Celebrity spokesperson isn’t directly liable under California consumer protection law

Luman v. Theismann, 647 Fed.Appx. 804 (9th Cir. 2016)
Plaintiffs sued NAC Marketing Company and Joe Theismann for their
advertising statements about NAC’s Super Beta Prostate product, bringing
warranty claims as well as the usual California statutory claims.  Because one plaintiff’s individual claim for
monetary relief was unpaid when he joined the lawsuit, he satisfied the injury
in fact requirement and had standing to sue under Campbell–Ewald Co. v. Gomez,
–––U.S. ––––, 136 S.Ct. 663 (2016).
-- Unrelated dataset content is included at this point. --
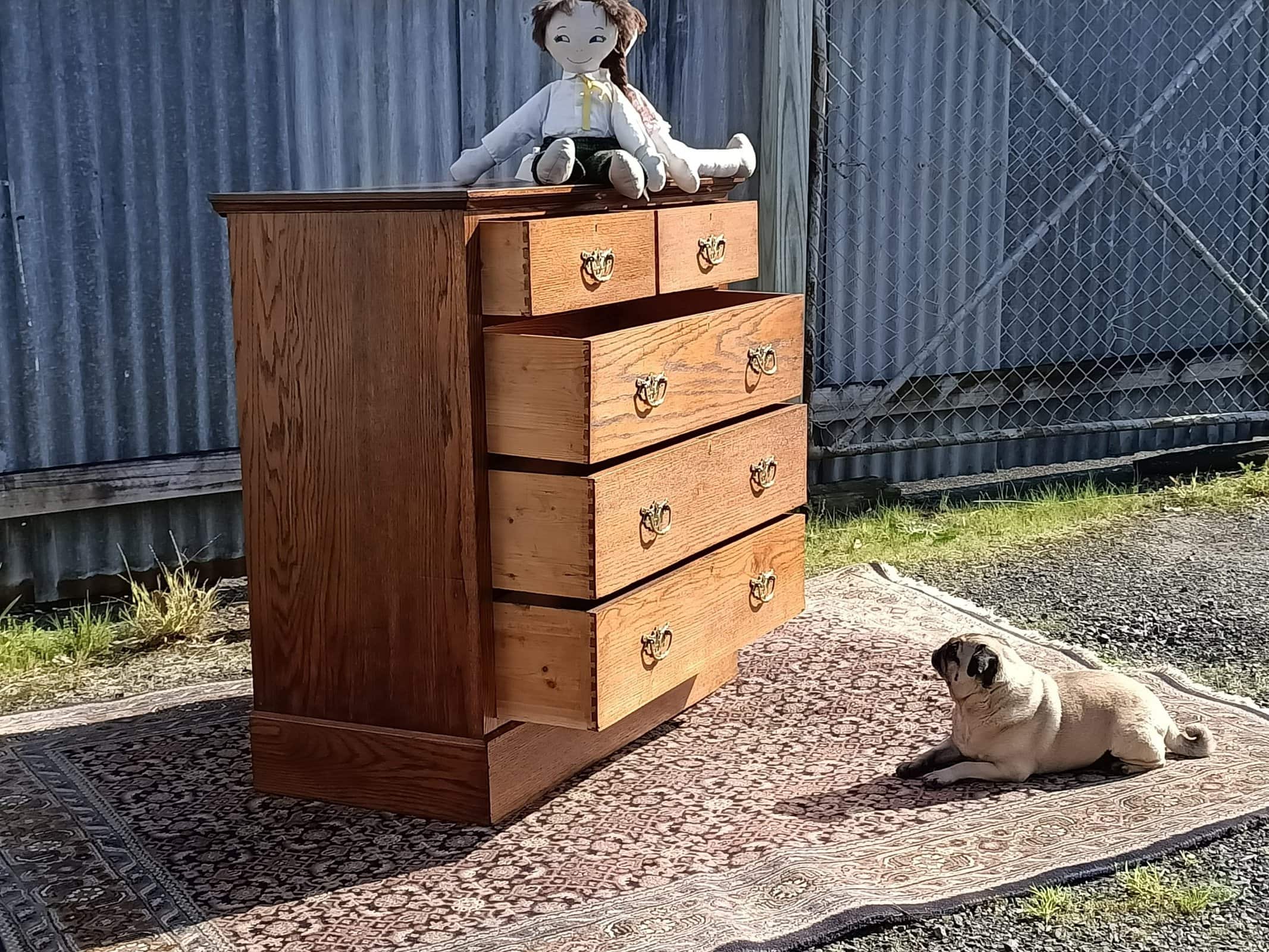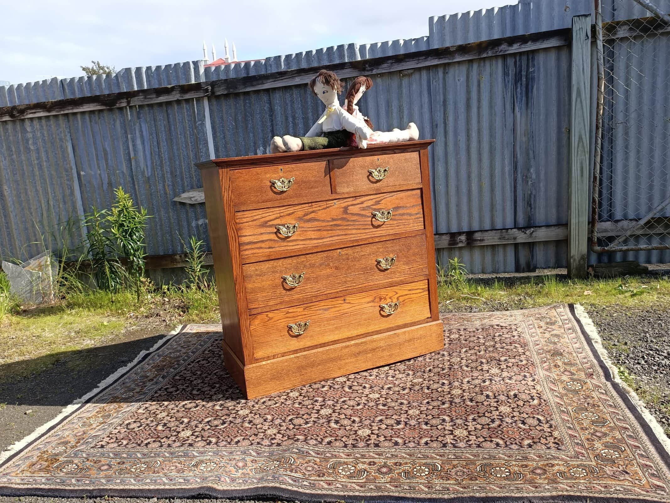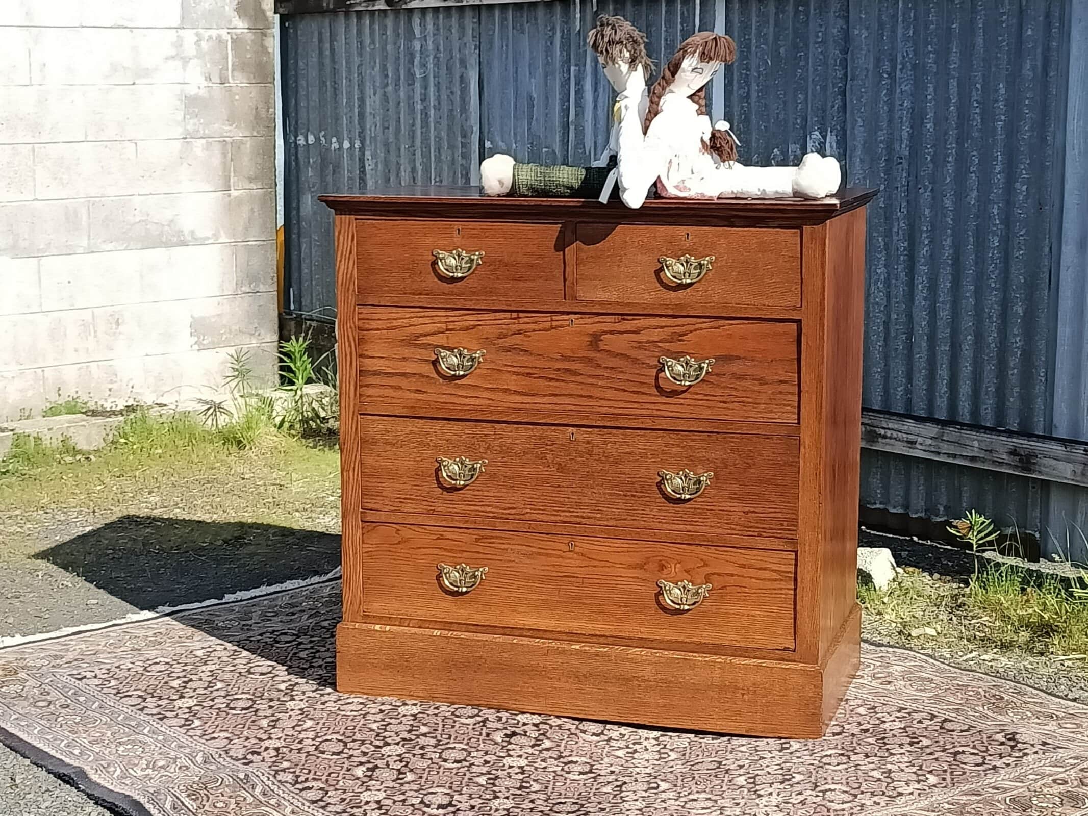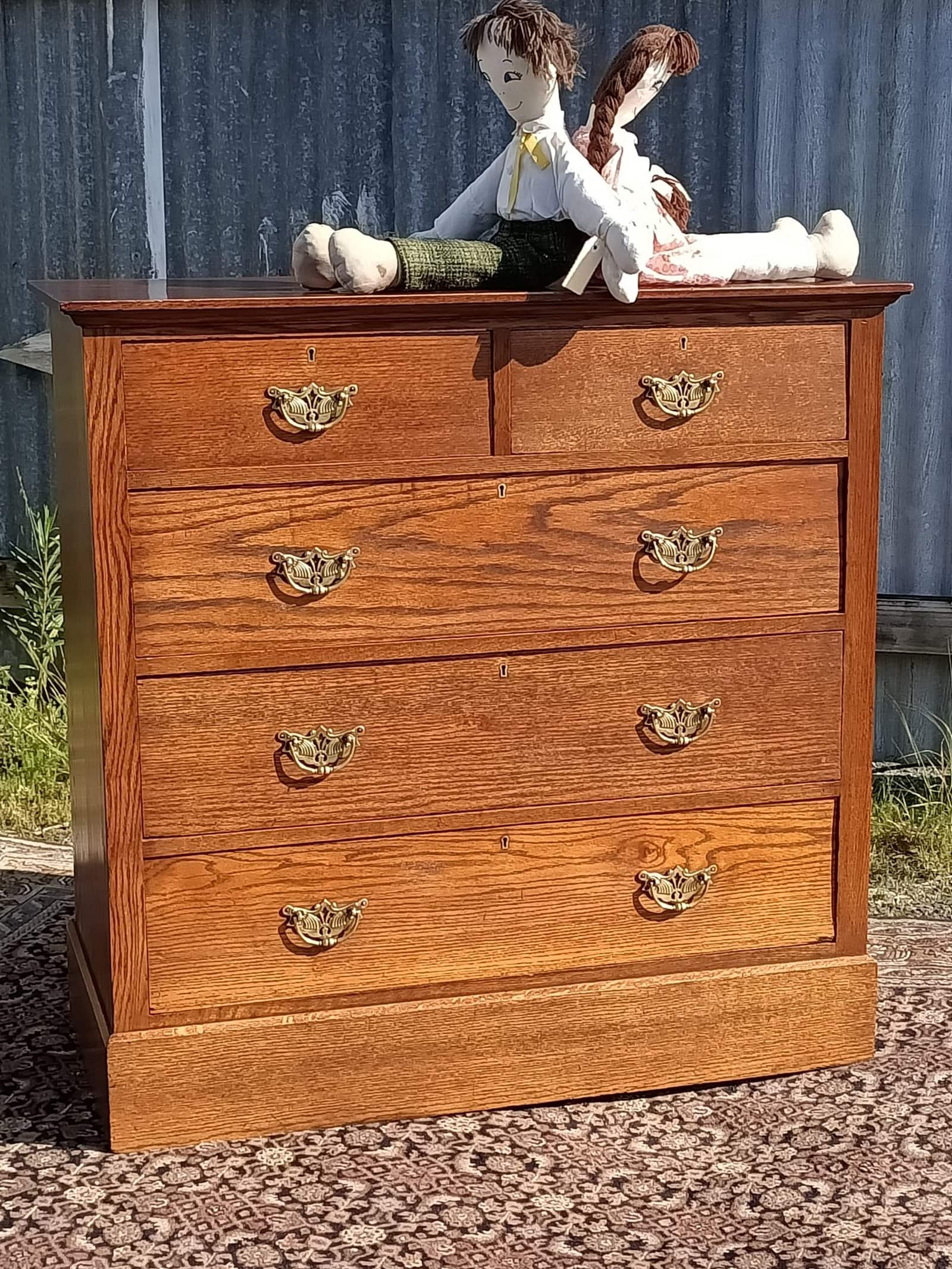 Oakidoki, a simple and OAK-so elegant chest of drawers. Two over Three drawer configuration on a plinth base. Chunky brass handles roasted peanut colour , and an elm sort of grain. One drawer has a front slight bow, a character spot, see the close-up picture. Drawers rerun. Restored October 2025. Circa 1900.

This portion of the case was remanded for
further proceedings, though plaintiffs lacked standing to pursue injunctive relief
because they didn’t allege any intent to purchase the product in the future and
couldn’t show a likelihood of future injury.

As for Theismann, he was “merely the celebrity spokesperson
for NAC and not the seller of SBP,” the district court properly dismissed the
claims against him, given the California Commercial Code’s definition of a
seller as “a person who sells or contracts to sell goods” and a sale as “the
passing of title from the seller to the buyer for a price”; Theismann never had
or passed title to the product.
Query whether secondary liability could be appropriate in the right circumstances. What level of fault would be appropriate for a celebrity spokesperson?